Welcomings (Outro)


There’s a certain intuition that precedes the start of a newly undertaken venture; a knowing, deep within, that a welcoming has taken place. The only decision is whether to heed the call, or pretend we hadn’t heard. A year ago, my wife and I were beckoned by the call of a young, moustached Danny W.; welcoming us to a world yet uninhabited, only imagined. At the time, we knew little more than that we had enjoyed our farming experiences in the past, that we liked Danny W, and that it couldn’t hurt to talk.

What we did not know was the action that talk would come to demand of us. We did not know the lengths to which we would stretch to balance the roles of full-time employment and farm co-ownership. We did not know the healing power of good company and meaningful recreation, and the fruitfulness and meaning our lives would come to take on, resulting directly and indirectly from that initial welcoming of what would come to be Rising Sand Organics.
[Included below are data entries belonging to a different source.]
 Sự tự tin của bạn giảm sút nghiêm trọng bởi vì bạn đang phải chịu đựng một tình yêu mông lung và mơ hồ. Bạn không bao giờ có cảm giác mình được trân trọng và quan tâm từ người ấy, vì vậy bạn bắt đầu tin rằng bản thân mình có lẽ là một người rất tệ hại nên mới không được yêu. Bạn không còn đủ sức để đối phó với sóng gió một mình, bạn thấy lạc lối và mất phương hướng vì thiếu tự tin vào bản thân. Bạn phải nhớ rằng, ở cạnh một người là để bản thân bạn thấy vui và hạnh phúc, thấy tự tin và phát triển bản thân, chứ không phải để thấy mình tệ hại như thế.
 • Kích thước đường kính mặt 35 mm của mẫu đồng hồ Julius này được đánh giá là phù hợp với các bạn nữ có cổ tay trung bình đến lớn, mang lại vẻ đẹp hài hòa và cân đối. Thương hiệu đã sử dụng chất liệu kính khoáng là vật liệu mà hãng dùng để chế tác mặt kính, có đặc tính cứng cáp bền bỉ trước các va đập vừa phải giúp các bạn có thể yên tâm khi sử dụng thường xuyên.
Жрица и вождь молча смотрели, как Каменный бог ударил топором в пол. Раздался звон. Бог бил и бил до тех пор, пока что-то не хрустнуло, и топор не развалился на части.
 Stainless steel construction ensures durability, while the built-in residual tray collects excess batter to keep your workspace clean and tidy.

I spent the day with Danny W. yesterday, and a blustery day it was. Having slept in, and running groggily behind, I stepped out of the bathroom in my robe and pajama pants, and there he was — geared up in hat and gloves for a cold day on the farm. My wife was in the kitchen frying some pancakes and, in customary fashion, we jumped into a hearty and humorous discussion on all things political to philosophical. Having gotten our fill of coffee, delightful pancakes, scrambled eggs and conversation, we bundled up and headed out to Rising Sand to put the finishing touches on the pack shed, finally, after all of these months of speculation. In the wind, rain, sleet, and eventual snow, Danny and I drilled, laddered, balanced and grunted our way to a completed packshed, as the work and the conversation took on tones more serious.

But completed it was not to be. Having drilled in all the carriage bolts, and placed and attached all of the remaining tin pieces to the roof, we found that we were, hilariously, one tin section short of a completed roof, leaving a conspicuously awkward gap on the most visible corner of the packshed. Well, what the hell? By this time, the rain had turned to snow, our fall energy reserve was cashed, and we were cold. So we hopped into Danny’s car and said goodbye to a project yet incomplete, a farm season yet incomplete, and an abstract and morphing vision which will likely never be complete.

And we’ve all been talking about the vision and future of Rising Sand Organics. This year, we set out to grow and sell vegetables, and that’s exactly what we’ve done. The toll it took, however — mentally, physically, and interpersonally – has left nary a one among us willing to replicate the effort for another season. So we’ve got no choice but to ask some questions. What is Rising Sand Organics? What can Rising Sand do for us, individually and collectively? How can it fit into the fabric of our larger lives, and what ultimate impact do we want to have? Many ideas and potential directions have sprouted forth from the speculation. Maybe we should focus in on perennials, and outside business tie-in. Maybe we should accelerate our animal husbandry and eventually set up a small-scale dairy. Maybe we should install a certified kitchen on-site. Maybe we should establish some housing.

Maybe maybe maybe. It’s great to dream; vital to vision, but maybe we should finish the packshed roof. Maybe we should move some hoophouses. Maybe we should build a wallapini or two. Hell, maybe we should clean up a bit.


But, most likely we will rest. Having heeded the call of welcoming, we’ve made our beginning, and come to a juncture of incompleteness we must accept as our infinite destiny. An intense and awesome season it has been, and a motley crew of characters we have proven to be. My amusement has been trumped only by my gratitude for the work, the stories and the company. The blessings have been expansive, and the narration a pleasure. Incomplete though the story may be, I too must rest. It’s time for some silence and stillness, for who knows what new welcomings may be waiting patiently there?